Lächelnd zeigt der neue Heimbeiratsvorsitzende seinen silbernen Ring. Seit fast fünf Jahren ist er mit der 35-jährigen Sabine Landshöft verlobt. Sie lebt im Wohnheim am Drosselweg, Sven in der Außenwohngruppe an der Bahnhofstraße. Dass seine Verlobte dorthin zieht und sie dort gemeinsam ein Wohn- und ein Schlafzimmer haben, das ist der Herzenswunsch des 37-Jährigen. „Sabine muss aber noch lernen, mit der Situation umzugehen“, sagt Sven leise und erzählt von seinem Traum, mit Sabine irgendwann einmal eine eigene Wohnung haben zu können – und ein Leben, wie es so viele andere Menschen auch führen.

Sven arbeitet in der Fahrzeugpflege-Abteilung der Delme-Werkstätten und spielt seit 15 Jahren Fußball in der Behinderten-Sportgemeinschaft Twistringen. Er ist Torwart und Mannschaftskapitän. Für Sven ist es selbstverständlich, Verantwortung zu übernehmen. „Mein Vater hat mir das beigebracht. Er hat immer gesagt: Du musst Verantwortung übernehmen für alles, was du tust“, berichtet der 37-Jährige.
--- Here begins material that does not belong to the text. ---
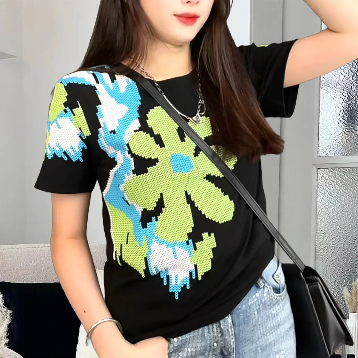 “여성을 위한 코튼 여름 3D 포밍 프린트 반소매 티셔츠 세련되고 다재다능한 탑”의 첫 상품평을 남겨주세요 응답 취소

Genau das will er auch als Heimbeiratsvorsitzender. Ganz bewusst hat Sven sich zur Wahl gestellt. „Ich bin gleich gewählt worden“, sagt er stolz. Vorsitzender zu werden, das sei von Anfang an sein Ziel gewesen: „Da kann ich gleich sagen, was den Bewohnern nicht passt oder was ihnen auf dem Herzen liegt.“ Was die Behinderten bewegt, weiß der geduldige 37-Jährige ganz genau, denn er hat für alle ein offenes Ohr. Manchmal gebe es Beschwerden über unfreundliche Betreuer. Außerdem sei die Höhe des Taschengeldes immer wieder ein Streitpunkt. Gelegentlich komme es auch zu Meinungsverschiedenheiten unter den Bewohnern. Dann ist Sven Tscherner Streitschlichter. „Ich sage ihnen dann: Ihr wohnt unter einem Dach. Da müsst ihr zusammenhalten – und nicht aufeinander losgehen. Das macht man nicht!“ Meinungsverschiedenheiten müsse man klären, indem man miteinander spricht.
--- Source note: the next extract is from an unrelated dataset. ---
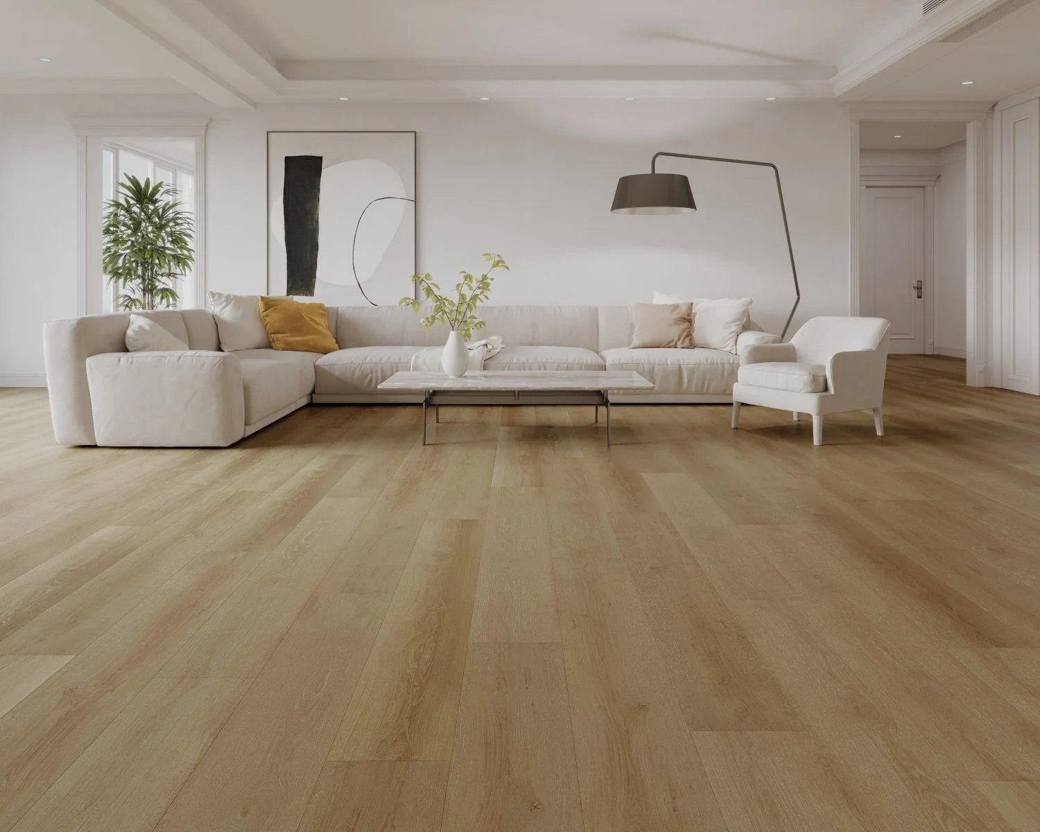 This vinyl plank is a low variation of warm browns, ranging from a light buttery cream to a medium brown. This vinyl plank naturally brightens a room and spotlights light-colored furniture, such as the ones in our room example. However, with its hints of medium tones, it can also accentuate darker-colored furniture, providing the best of both worlds!

Sven hat seine Kindheit in Riede verbracht. Der Auto-Verwertungsplatz, den seine Eltern betrieben, hat ihn geprägt. „Ich wollte immer Automechaniker werden“, berichtet er. Ein großes Ziel für einen Jungen mit Handicap: „Mir fehlt ein Stück von der Wirbelsäule“, erklärt er. Das sei aber erst festgestellt worden, als er sieben Jahre alt war. Sven berichtet von der Operation, bei der ihm eine Metallplatte eingesetzt wurde, und von den Rückenschmerzen als Jugendlicher. „Mit zwölf Jahren hatte ich schon Rheuma“, fügt er hinzu. An seinem Berufswunsch hielt er unbeirrt fest und gab in der Schule sein Bestes. „Ich bin der einzige in unserer Familie, der einen Hauptschul-abschluss hat“, sagt er nicht ohne Stolz. In Nienburg fand er eine Lehrstelle – und schaffte seinen Abschluss.

„Ich kannte mich ja schon als Kind mit Autos aus“, sagt Sven. Was sich reparieren und was sich verwerten lässt, lernte Sven auf dem Verwertungsplatz: „Mein Vater hat mir das beigebracht.“

Zuhause musste er sich mit seinem Bruder ein Zimmer teilen. „Das ist mir dann zu eng geworden“, begründet er seinen Umzug in die Außenwohngruppe der Lebenshilfe. 22 Jahre alt ist Sven, als er nach Bassum zieht. Fünf Jahre später sterben seine Eltern – beide innerhalb nur eines Jahres.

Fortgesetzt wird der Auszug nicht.